Arrive Dubrovnik 13th Sept to "follow my nose". Only committment I have is a flight from Rome 1st Oct (will decide how to & where from I will return to Italy later). Happy to people watch, stroll the streets & parks, soak up the atmosphere & look at "historical sights" from the outside (not a museum/ church fan.) Would like to see some islands, Plitvice & perhaps some of Istria (by public transport/ local guide or organised tour). Any ideas for places to stay as I prefer to stay in neighbouring towns & take the bus in & out?
I am happy to see what I see in the short time I am there. Was recommended to visit Montenegro, Hvar, Korcula, Trogir & "truffle zone". Will appreciate any feedback, many thanks.

Posted by
6697 posts

I think trying to cover the whole country in 14 days is too much - Istria is about as far from Dubrovnik as you can get (of course you can fly though through Zagreb to get there). Check out a book on Croatia (Rick Steves, Lonely Planet, Rough Guide, etc) and see what you can do in the southern and mid Adriatic coastline, and perhaps leave the north for another trip. In 12 days, I was able to cover only the area between Split and Montanegro and there were a few very busy/long days. In mid Sept, the ferry schedule (jadrolinjia) to some islands is also less frequent than summer, so you should consider that also.

Posted by
2788 posts

I took RS Adriatic tour in June & July of this year and found it interesting as I had never been in that part of Europe before, at least most of it.
I would suggest you go to RS Tours elsewhere on this web site and click thru to get to his Adriatic tour and view its itinerary to see where we went and also get his guide book on Croatia & Slovenia that is full of very good information.

Posted by
5011 posts

You have just under 2 weeks of usable time (arrival day doesn't count, and you'll burn a day or two getting to Rome for departure). Croatia is not a huge country, but getting from place to place can take a while, especially if you are going by public transit. It's going to be difficult to visit all the places you list via public transit without spending all your time on a bus/ferry. Also be careful that outside of "high season" ferry & bus schedules may be very limited (some ferries shut down completely). That said, I found that one full day in Dubrovnik was enough for me. It does make a good base for a day trip to Kotor. Istria (which is the "truffle zone") will be difficult without a car or without dropping other places due to time.

Posted by
8 posts

Thanks for the feedback, have taken all responses on board & will definately stick just to the immediate Dalmatia coast leaving the northern parts for another time. As I prefer to bus it into Dubrovnik town for a day, I am interested to stay in Cavtat (also use it as a base for a day to 2 to relax with a day to Kotor). Will then head to Split via some islands. Any preferred spots to stay near Dubrovnik city other than Cavtat? Thanks again

Posted by
5011 posts

We stayed in the old city (Dubrovnik) inside the walls and loved it so can't offer suggestions for elsewhere.

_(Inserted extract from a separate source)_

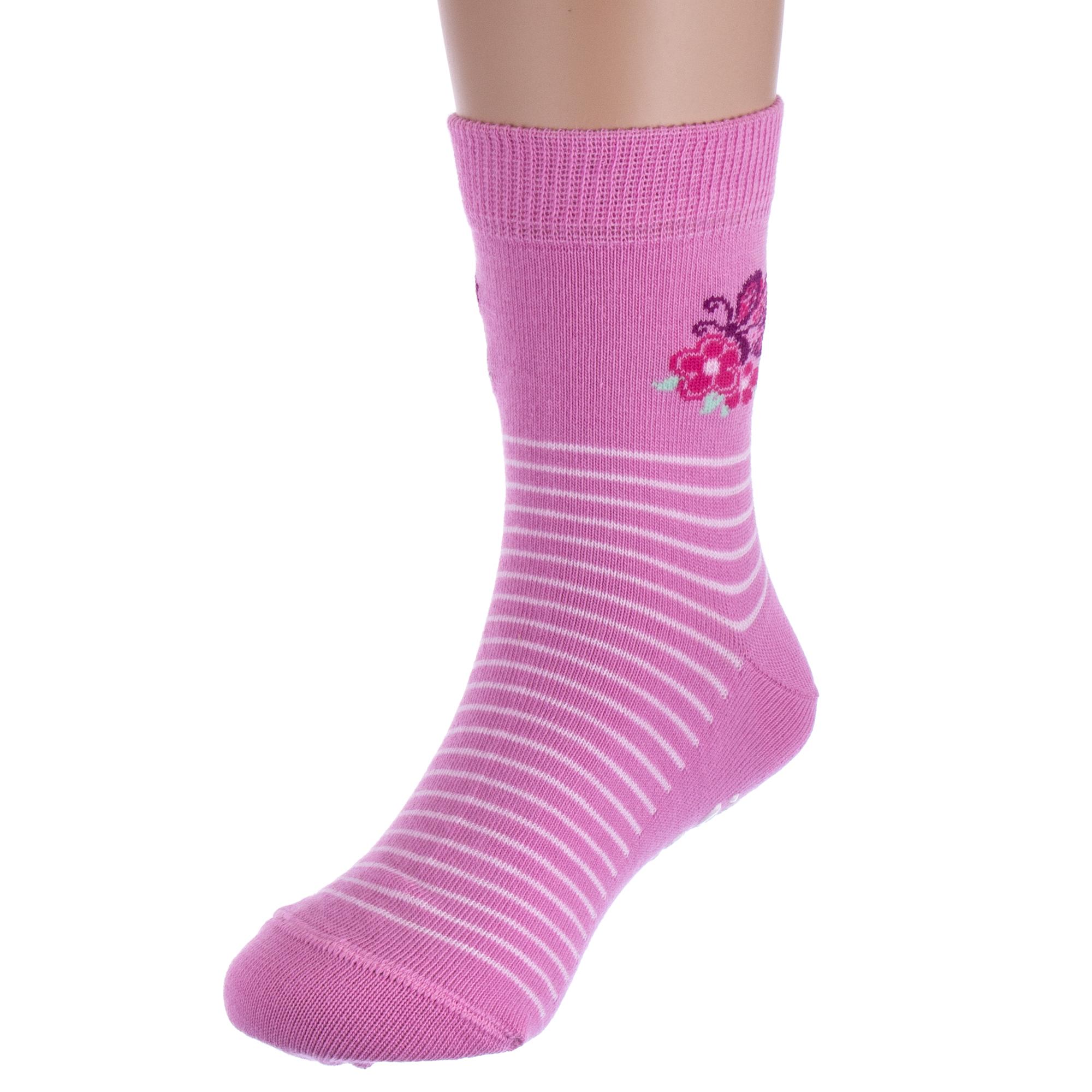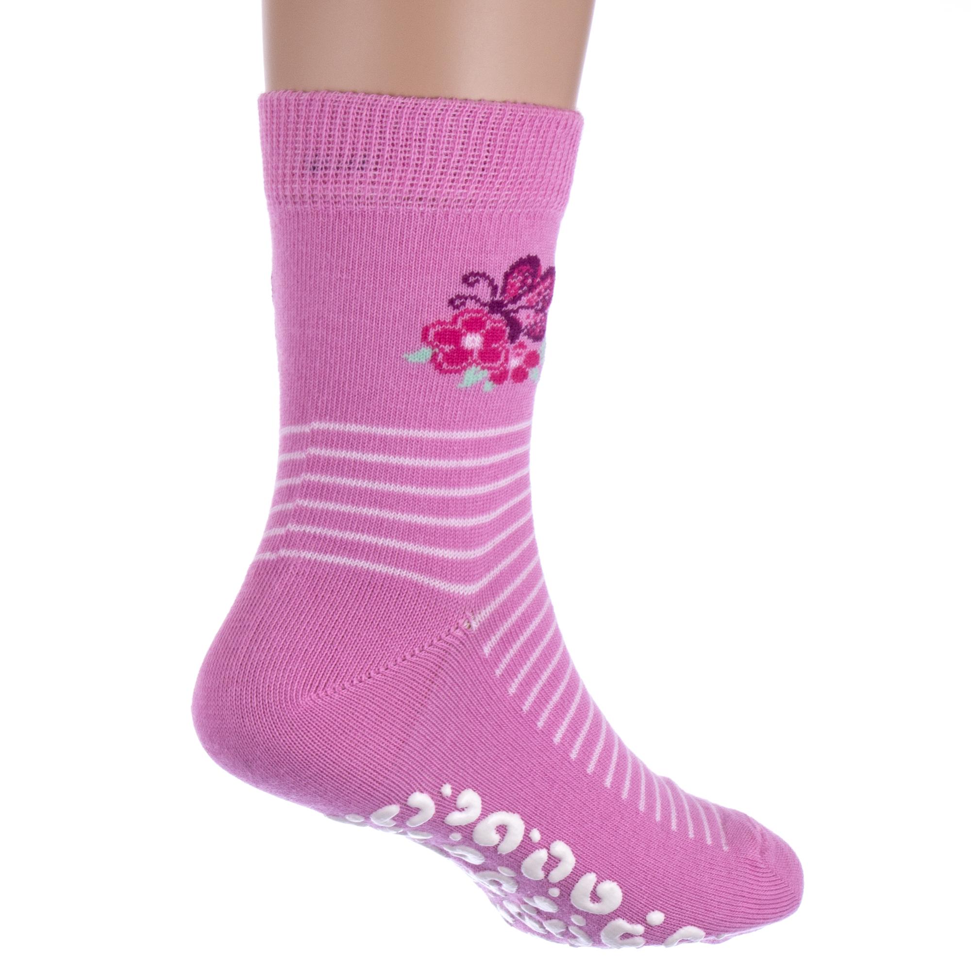 Круглогодичные укороченные детские носки, цвет розовый, с нескользящей стопой, состав: 72% хлопок, 25.5% полиамид, 2.5% эластан, фабричный артикул 7С-54СП. Производитель «Conte, Беларусь» под брендом «Conte».

That said - like in other places that have become "too popular" (for my tastes, at least), early mornings and after dinner were the only times that the city was not packed shoulder-to-shoulder with cruise ship people, so we were very glad we stayed in the old center. If we had stayed elsewhere, we would have never seen the place without the streets being packed. Just something to factor into your plans.

Posted by
8 posts

Thanks David, much appreciated, any other handy hints will always be welcome. After confirming ferry schedule between islands, appears best to do either an arranged boatcruise to fit in quiet a few islands (day after day after day itinery) OR choose 1 or 2 islands & independently bus it straight to their neighbouring mainland port, & ferry from there. Any good local island hopping boat/tour agencies to contact?
I do not fancy fighting my way to the toilet bowl with boozecruises...rather leave them in peace. Looking forward to any other tips. Cheers

Posted by
47 posts

Although I agree that trying to fit in the whole cvountry in two weeks isn't advisable, do try to fit in Plitvice- you could go on your way to Zagreb to catch a plane to Rome. We havd a week and did Plitvice, Split, Dubrovnik, and the island of Miljet. We only spent a day in Split but I quite liked it- it's different from Dubrovnik and has a more "lived in" feel. We stayed here in Dubrovnik and thought it was quite nice- a short bus ride or longish walk to the old town, there was a great daily fruit and vegetable market nearby, and some cheaper eateries than old town. Every morning we walked to the market to get cherries, followed by expresso and a pastry. Also close to ferry terminal.
http://www.bokun-guesthouse.com/

Posted by
2129 posts

Although many suggest that Croatia in 2 weeks is too much, I don't agree with that. I think the whole country is doable with 3 bases - Dubrovnik, Zagred, and Istria. Unless you are a beach fanatic, 2 weeks on the beach is way too much - it would drive me nuts. Plitvice Lakes is 1 day, and you can do it from the Zagreb base. The Istria base is for the northern coast. However, I would rent a car. For some reason, Americans think that Europe is like driving on Mars. Driving in Croatia is very very easy, and with 2+ persons, I would definitely do that (you don't say what your party size is). We rented a mid-size car 2 Y ago, and it cost USD 650 for 14 days. We had 5.

Posted by
5011 posts

For a trip to Croatia that's less than 2 weeks of usable time, here's your menu: A. See a good portion of the country, including all of the following: Istria, Plitvice, Dubrovnik, Trogir, and multiple islands - Hvar & Korcula. Montenegro, too. B. Do it all via public transportation - without renting a car.
C. Have an enjoyable trip. Pick any two from the list above - that's what you get. Agree that driving in Croatia is easy, fun and makes for efficient itineraries. Once you get away from the islands and a couple big cities, a car is really necessary unless you have time to burn. Except in those places where a car is only a headache (those islands, those cities...). Part of Croatia, you really need a car. Part of it, you don't want a car.